How do you extract and relate to each other the facts from the documents that require comprehension and not simple similarity matching using common embeddings models?
gergelycsegzi 20 hours ago [-]
Haha thanks, the reader can try and guess which is which;)
We actually don't use embeddings or vector similarity, since those tend not to work well in specialist domains (e.g. for the OfficeQA benchmark where we have 90k pages talking about US treasury numbers, they would be mostly mapped to a very small embedding space because it's all the same topic, with small variations across years, expense categories etc.).
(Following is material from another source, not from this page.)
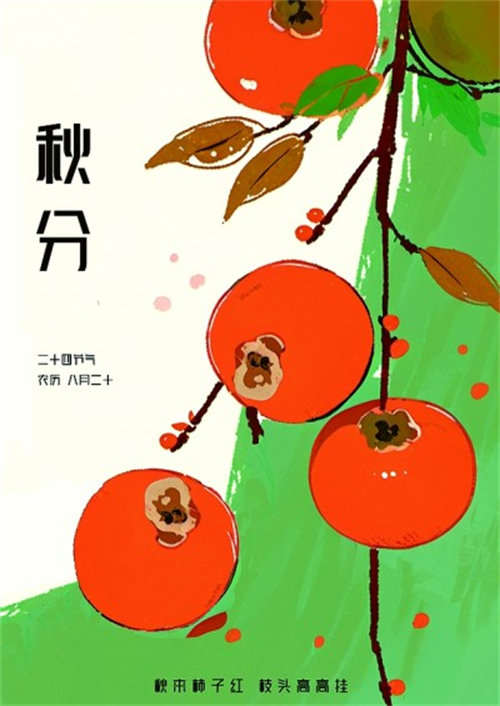 秋分到,柿子紅。柿子又稱“朱果”,立秋之后的柿子更加甜美可口。圖①作品取柿子的吉祥寓意,刻畫了一幅秋柿高掛枝頭的場景,成熟的柿子飽滿而有光澤,看起來非常吸引人。圖②則以“秋分吃石榴”為主題展開創作,將俯視的石榴與切開的石榴圖形化,通過形狀的大小對比以及色塊的明度變化,增加了海報的視覺層次感和前后縱深感,使單一元素變得豐富;在色彩選擇上,通過暗紅色與淡黃色的對比,帶來了比較跳躍的視覺體驗。vHh安康新聞網

We use LLMs for the extraction and comparison as well, and we route between different models depending on the complexity of the comprehension of the given step required (and by this I mean routing between our pipeline steps; we currently do not dynamically try to judge individual cases for complexity like OpenRouter Fusion).
vinaigrette 1 days ago [-]
This looks great for digital humanities, specifically archival work. Would love to try it.
gergelycsegzi 1 days ago [-]
Fully agree, that's why we quite like the Databricks OfficeQA benchmark.. it made us experts on historical US treasuries haha
Some screenshots in here: https://www.parsewise.ai/officeqa-sota
vinaigrette 1 days ago [-]
I'm surprised at the low rate every model manages considering the (apparent) ease of the benchmarked document. Can your pipeline produce ground truth as a byproduct ? How do you think open-weight ocr models compare to the one showcased ? I've had good results with glm-ocr on complex documents (complex by their handwriting, pretty easy layouts).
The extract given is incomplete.